- [Given data]
▼
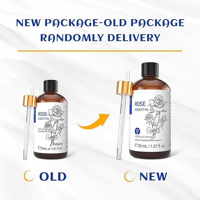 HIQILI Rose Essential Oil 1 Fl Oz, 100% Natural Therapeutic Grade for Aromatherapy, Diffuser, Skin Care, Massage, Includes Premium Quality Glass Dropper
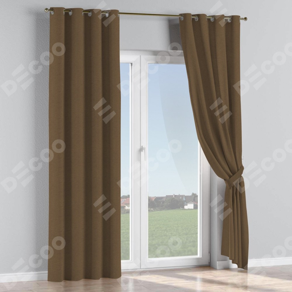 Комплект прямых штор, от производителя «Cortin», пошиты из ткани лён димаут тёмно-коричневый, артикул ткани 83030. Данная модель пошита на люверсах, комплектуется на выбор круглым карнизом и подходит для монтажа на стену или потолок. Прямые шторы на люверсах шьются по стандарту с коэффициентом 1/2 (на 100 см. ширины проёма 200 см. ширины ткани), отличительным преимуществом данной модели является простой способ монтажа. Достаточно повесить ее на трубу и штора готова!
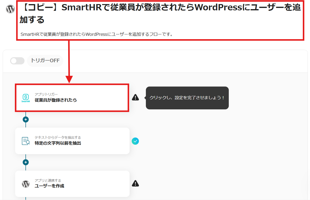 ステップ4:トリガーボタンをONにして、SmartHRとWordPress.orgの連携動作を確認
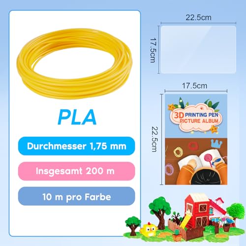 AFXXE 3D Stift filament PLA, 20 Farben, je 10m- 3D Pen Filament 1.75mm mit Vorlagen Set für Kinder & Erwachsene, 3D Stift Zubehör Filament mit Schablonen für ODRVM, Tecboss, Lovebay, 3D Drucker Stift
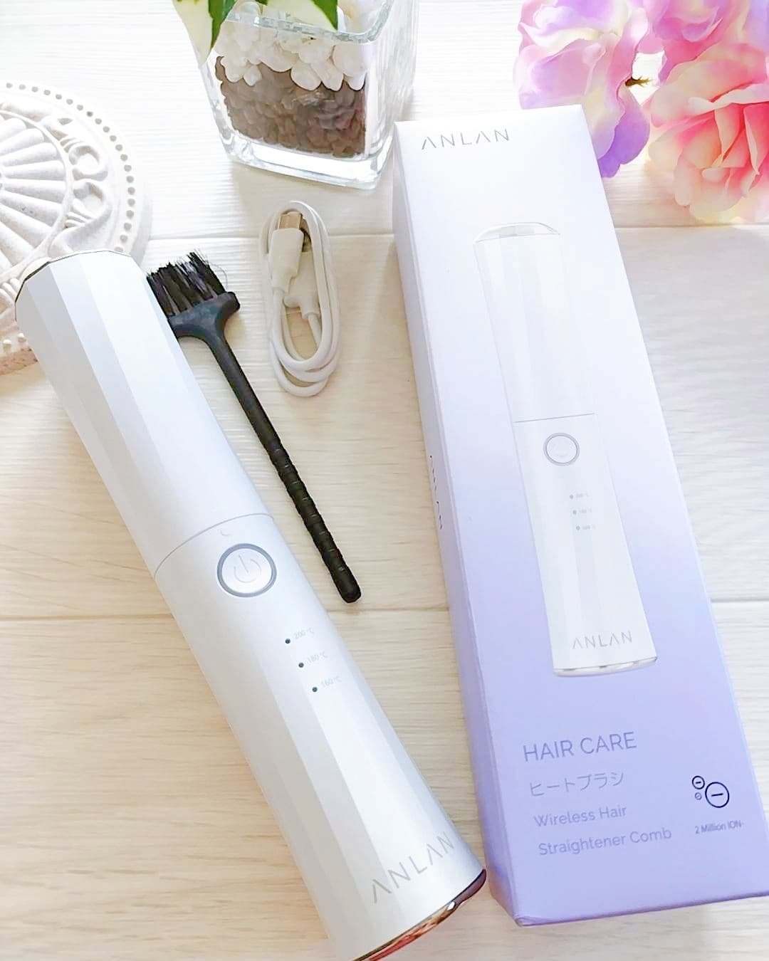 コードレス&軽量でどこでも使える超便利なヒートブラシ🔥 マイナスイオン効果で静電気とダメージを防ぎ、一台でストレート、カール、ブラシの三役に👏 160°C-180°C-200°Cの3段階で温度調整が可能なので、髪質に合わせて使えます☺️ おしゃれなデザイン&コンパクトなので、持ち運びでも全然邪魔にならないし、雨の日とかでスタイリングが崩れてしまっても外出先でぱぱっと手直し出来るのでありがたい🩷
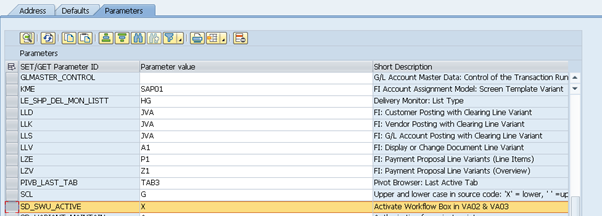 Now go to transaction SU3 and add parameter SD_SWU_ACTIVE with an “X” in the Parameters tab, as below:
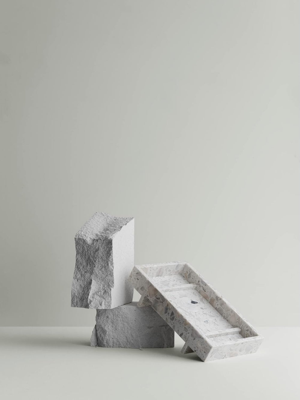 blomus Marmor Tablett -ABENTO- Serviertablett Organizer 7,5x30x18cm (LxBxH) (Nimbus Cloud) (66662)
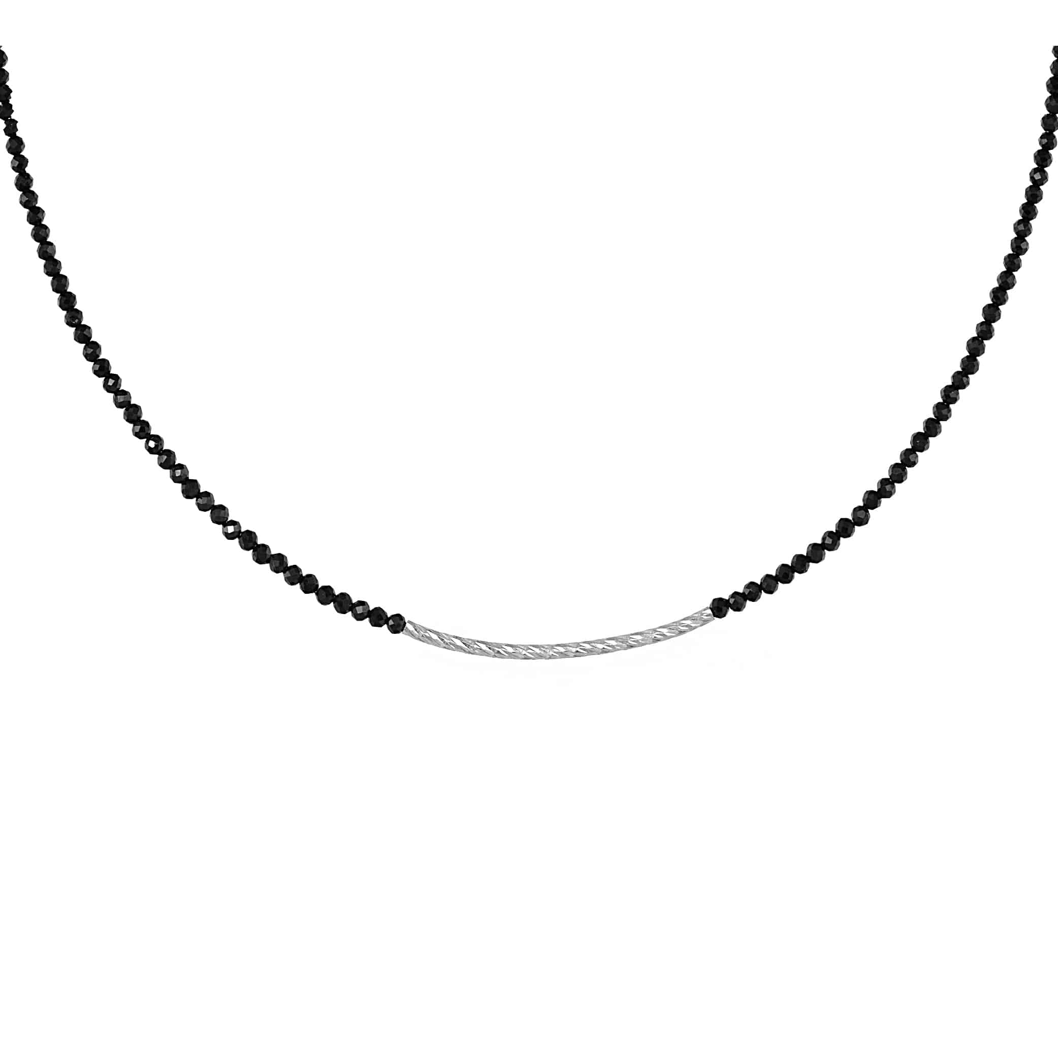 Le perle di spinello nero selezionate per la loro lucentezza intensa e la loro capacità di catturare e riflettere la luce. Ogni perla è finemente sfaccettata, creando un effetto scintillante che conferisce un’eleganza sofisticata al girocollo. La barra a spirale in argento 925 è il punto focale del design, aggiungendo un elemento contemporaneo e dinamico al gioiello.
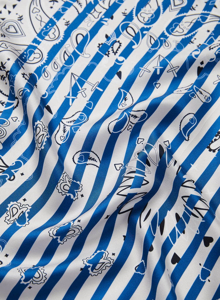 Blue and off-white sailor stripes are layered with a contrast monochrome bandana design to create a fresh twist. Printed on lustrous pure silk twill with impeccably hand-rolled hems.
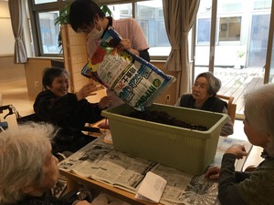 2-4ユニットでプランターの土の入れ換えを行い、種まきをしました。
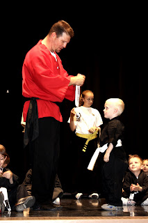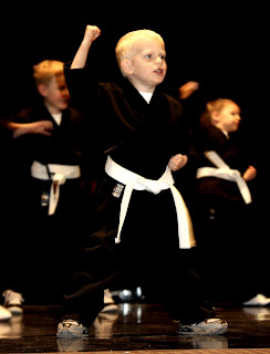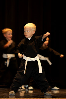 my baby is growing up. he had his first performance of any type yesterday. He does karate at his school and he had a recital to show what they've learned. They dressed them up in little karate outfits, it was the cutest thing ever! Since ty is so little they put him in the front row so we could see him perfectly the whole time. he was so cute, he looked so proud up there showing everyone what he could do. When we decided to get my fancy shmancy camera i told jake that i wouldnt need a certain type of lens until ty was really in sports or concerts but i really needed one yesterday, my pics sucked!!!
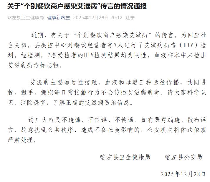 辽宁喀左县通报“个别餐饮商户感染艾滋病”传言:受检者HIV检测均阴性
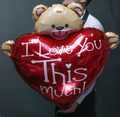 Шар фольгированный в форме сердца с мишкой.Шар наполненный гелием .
▲
▼
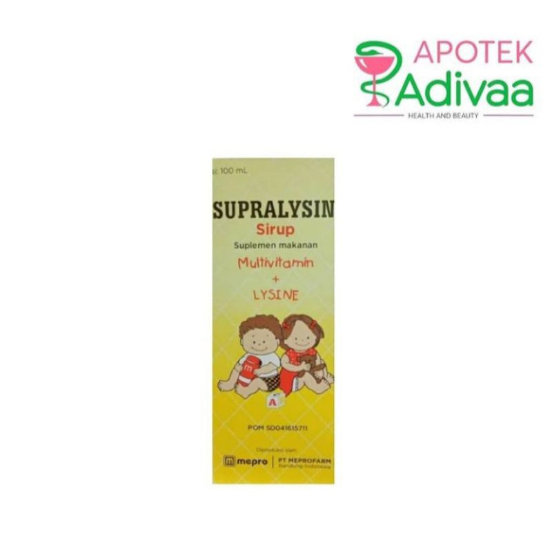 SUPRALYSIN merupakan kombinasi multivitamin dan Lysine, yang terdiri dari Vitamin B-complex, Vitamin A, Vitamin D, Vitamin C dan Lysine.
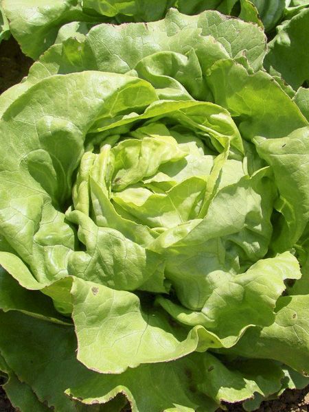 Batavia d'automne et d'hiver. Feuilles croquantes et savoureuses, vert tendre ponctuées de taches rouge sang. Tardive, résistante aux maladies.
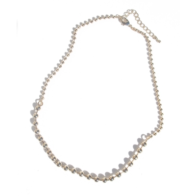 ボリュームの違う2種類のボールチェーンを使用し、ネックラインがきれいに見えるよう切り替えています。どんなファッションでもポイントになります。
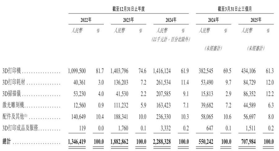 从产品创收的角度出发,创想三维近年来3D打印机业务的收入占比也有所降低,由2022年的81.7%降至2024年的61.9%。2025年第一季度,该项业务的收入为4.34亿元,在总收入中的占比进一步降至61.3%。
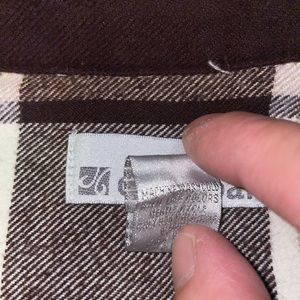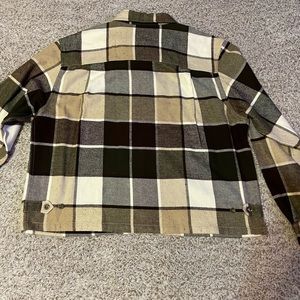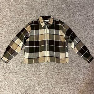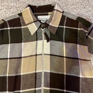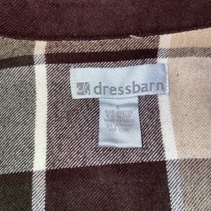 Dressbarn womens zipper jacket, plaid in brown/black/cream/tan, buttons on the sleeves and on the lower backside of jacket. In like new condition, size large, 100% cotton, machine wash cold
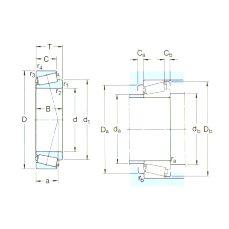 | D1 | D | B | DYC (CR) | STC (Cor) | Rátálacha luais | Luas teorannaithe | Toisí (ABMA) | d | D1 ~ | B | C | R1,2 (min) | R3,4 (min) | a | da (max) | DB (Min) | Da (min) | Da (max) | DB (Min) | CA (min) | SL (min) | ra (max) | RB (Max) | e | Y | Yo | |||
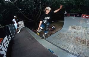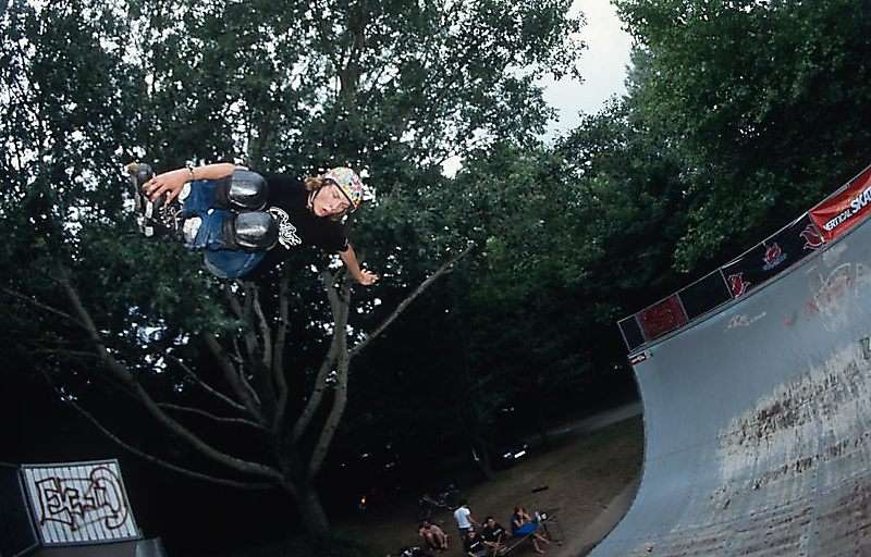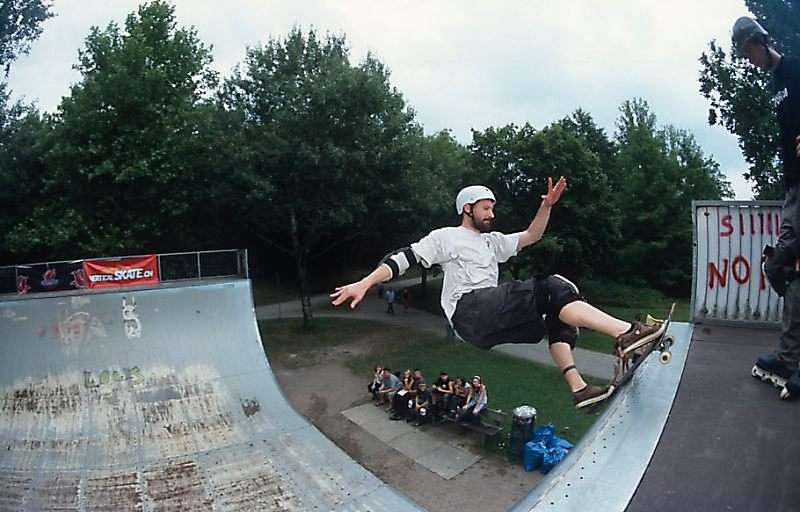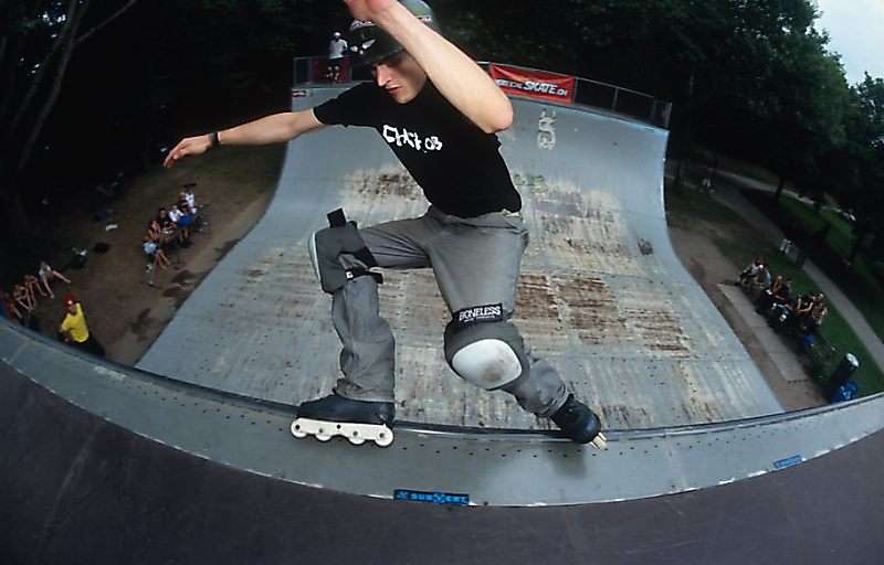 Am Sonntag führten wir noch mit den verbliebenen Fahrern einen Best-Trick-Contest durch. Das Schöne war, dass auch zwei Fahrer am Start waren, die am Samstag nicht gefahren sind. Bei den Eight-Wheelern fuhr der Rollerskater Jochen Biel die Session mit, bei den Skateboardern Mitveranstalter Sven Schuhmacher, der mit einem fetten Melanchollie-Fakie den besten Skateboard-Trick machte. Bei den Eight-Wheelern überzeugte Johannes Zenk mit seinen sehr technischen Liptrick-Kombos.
▲
▼
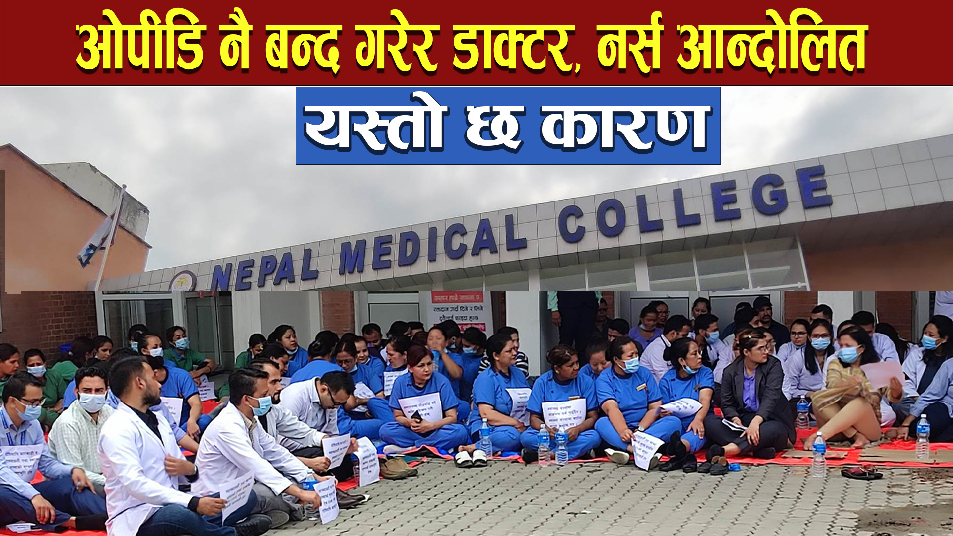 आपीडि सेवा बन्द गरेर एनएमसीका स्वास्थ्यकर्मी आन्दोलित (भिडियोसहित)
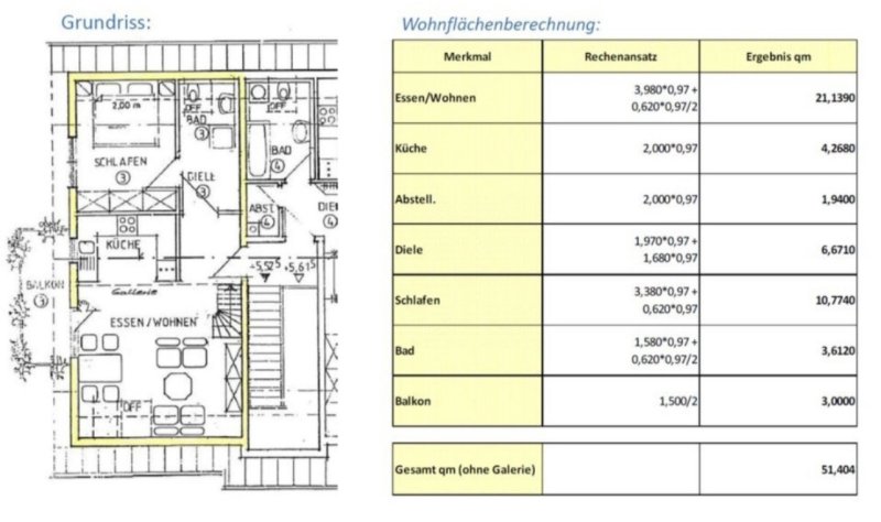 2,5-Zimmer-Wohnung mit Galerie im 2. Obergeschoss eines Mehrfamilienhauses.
▲
- [What is expected]
With the pictures removed, print only the lines starting at the line that has "2-4ユニットでプランターの土の入れ換えを行い、種まきをしました。" and ending at the line that has "Шар фольгированный в", both ends included, exactly as they stand above.

- [Result of the task]
 2-4ユニットでプランターの土の入れ換えを行い、種まきをしました。
 my baby is growing up. he had his first performance of any type yesterday. He does karate at his school and he had a recital to show what they've learned. They dressed them up in little karate outfits, it was the cutest thing ever! Since ty is so little they put him in the front row so we could see him perfectly the whole time. he was so cute, he looked so proud up there showing everyone what he could do. When we decided to get my fancy shmancy camera i told jake that i wouldnt need a certain type of lens until ty was really in sports or concerts but i really needed one yesterday, my pics sucked!!!
 辽宁喀左县通报“个别餐饮商户感染艾滋病”传言:受检者HIV检测均阴性
 Шар фольгированный в форме сердца с мишкой.Шар наполненный гелием .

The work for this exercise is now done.